Впрочем редки были случаи неповиновения среди безмолвных подданных Ваньки. Всех их — плавающих, бегающих, летающих — всех он брал в руки, убивал и отсылал для обмена на водку.
— Мне выпить да прокормиться много ли надо, — объяснял он, — а в эту прорву сколько ни кинь, все хватит.
И он презрительно указывал на Шошо, нагружавшую кузов рыбой и дичью.
— Я сам себе хозяин: хочу — работаю, не хочу — так шляюсь. Вот как живу. У меня все есть. Одеяло есть, самовар. Тарелки есть, две. Клопы есть. Верно. Думаешь, хвастаю?
— Почему нет? Верю. Нашел чем хвастать.
— А как же. Значит настоящий житель, коли клоп водится. Летом от него, от клопа-то, плохо. С весны, пока лист не блестит, вот тут под навесом ночую, а в холод без клопа скучно спать.
— И тараканы в землянке есть?
— Вот не люблю. Все одно, что баб. Терпеть не могу. Вымораживало.
— А как же Шошо?
— Выгоняю. Пришла, справила свои дела — и чтоб духу бабьего не было, убирайся. Куда только она носит мои деньги? Ты не знаешь, голубок?
— Да будет тебе, Лександрыч, — кричала издали, плача, маленькая женщина. — Сам себя срамит. Я ли не стараюсь, до последней копейки все ему несу. Бессовестный, бестыжие твои глаза.

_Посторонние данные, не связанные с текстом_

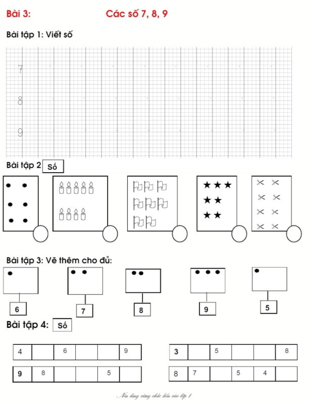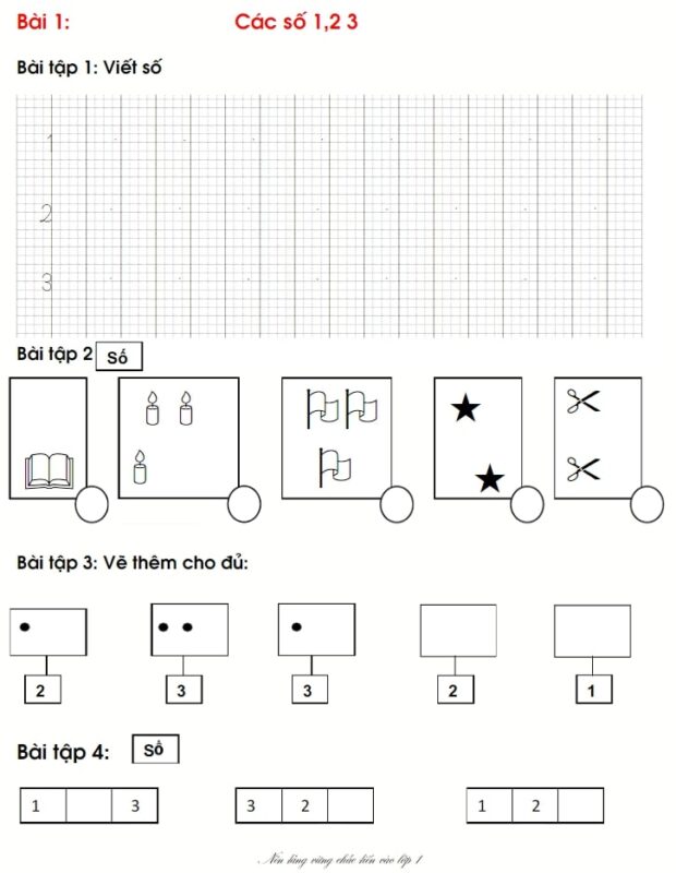 Các phiếu bài tập giúp bé củng cố lại kiến thức đã học. Mỗi phiếu thường chứa từ 5–10 bài tập nhỏ như đếm số, so sánh, điền số còn thiếu hoặc chọn hình đúng. Phụ huynh có thể in ra để bé luyện tập hàng ngày.

Ванька хохотал так, что эхо откликалось за озером.
— Я тебя сегодня еще не избил? — спрашивал он с важностью. — Беги, стерва!

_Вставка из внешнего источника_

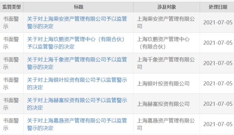 根据检查结果,7月5日上交所对上海嘉恳资产管理有限公司、上海赫富投资有限公司、上海银叶投资有限公司、上海千象资产管理有限公司、上海玖鹏资产管理中心(有限合伙)、上海乘安资产管理有限公司作出监管警示。

И он спокойно швырял вслед своей избраннице поленом.
Откуда, когда появился здесь Ванька Лександров? Кто его так назвал, за что? Почему он не взлюбил человека? И что кроме водки он любил? Бесполезно было расспрашивать. В любом селении на два дня пути кругом все знали, что Ванька в пойме давным-давно живет, молодым его никто не видывал, всегда он пьян и ругатель. Остальное — кто ж его знает? Может и вор. Однако не слыхать, чтобы спер что или спалил, а то бы прикончили.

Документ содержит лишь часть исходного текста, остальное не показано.